■ Exercise objective
Reproduce the listing exactly, with no pictures in your copy.

■ Information shown
⁂

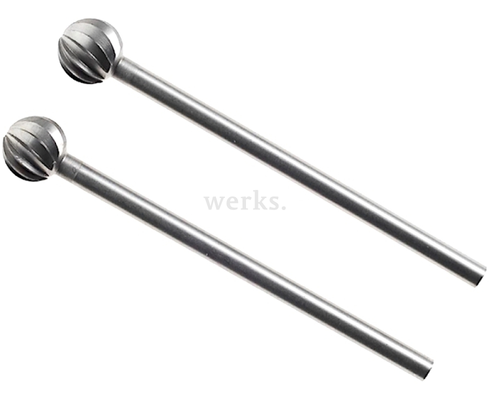 Две сферические фрезы, изготовленные из высокопрочной вольфрам-ванадиевой стали. Рабочая часть и хвостовик выполнены из одной заготовки. Длина составляет 50 мм, вал имеет диаметр 2.35 мм, а диаметр рабочей части равен 6 мм. Для точной и надежной фиксации фрез рекомендуется применять стальные цанги Micromot. Максимальная скорость вращения достигает 8 000 об./мин. Эти фрезы предназначены для обработки изделий из цветных и драгоценных металлов, древесины, пластиков и гипса.
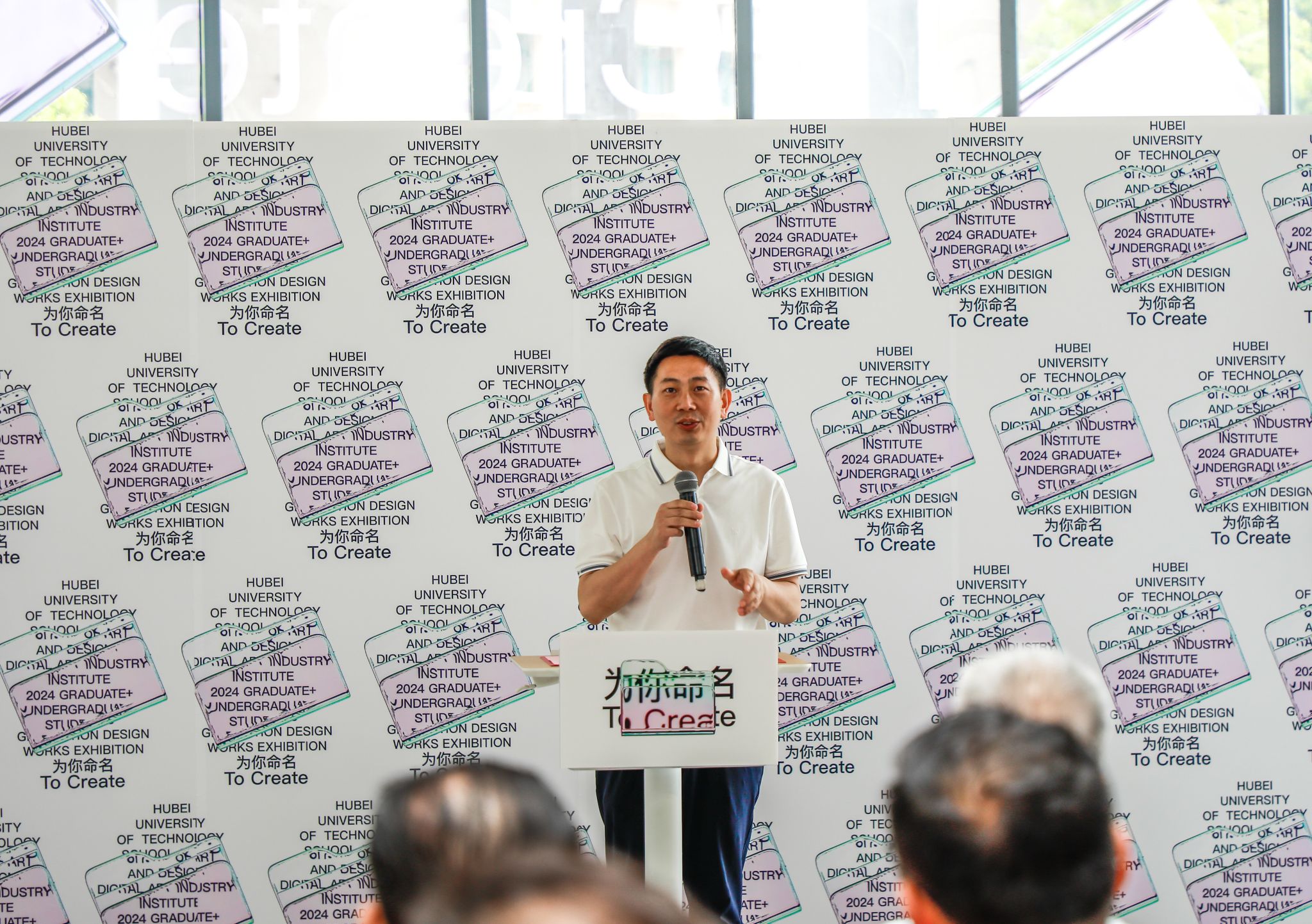 湖北省高等学校毕业生就业指导服务中心主任尹云波致辞,他对学院在过往46年的教育成果表示赞扬,对湖工大设计的品牌表示高度认可,希望毕业生们持续为中国梦的美丽图案添上湖工大设计的鲜亮色彩。
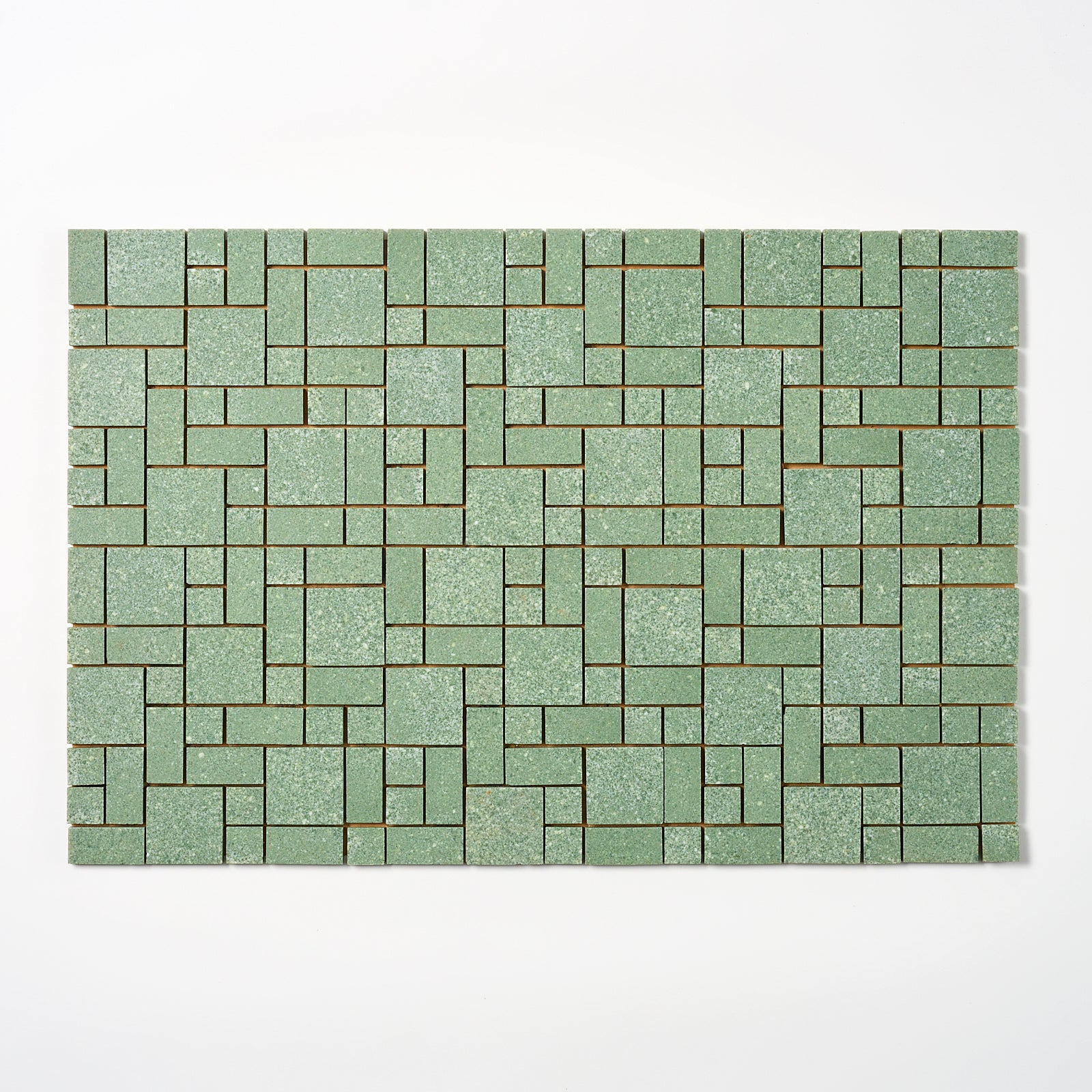 This incredible late 1950s/ early 1960s unglazed floor tile is green in color. Each sheet is 13" x 19.5" x 1/4" thick. Manufacturer is unknown. Pattern is Block Random.
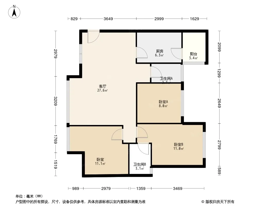 时代悦城 3室1厅 东南

⁂

■ Task answer
 Две сферические фрезы, изготовленные из высокопрочной вольфрам-ванадиевой стали. Рабочая часть и хвостовик выполнены из одной заготовки. Длина составляет 50 мм, вал имеет диаметр 2.35 мм, а диаметр рабочей части равен 6 мм. Для точной и надежной фиксации фрез рекомендуется применять стальные цанги Micromot. Максимальная скорость вращения достигает 8 000 об./мин. Эти фрезы предназначены для обработки изделий из цветных и драгоценных металлов, древесины, пластиков и гипса.
 湖北省高等学校毕业生就业指导服务中心主任尹云波致辞,他对学院在过往46年的教育成果表示赞扬,对湖工大设计的品牌表示高度认可,希望毕业生们持续为中国梦的美丽图案添上湖工大设计的鲜亮色彩。
 This incredible late 1950s/ early 1960s unglazed floor tile is green in color. Each sheet is 13" x 19.5" x 1/4" thick. Manufacturer is unknown. Pattern is Block Random.
 时代悦城 3室1厅 东南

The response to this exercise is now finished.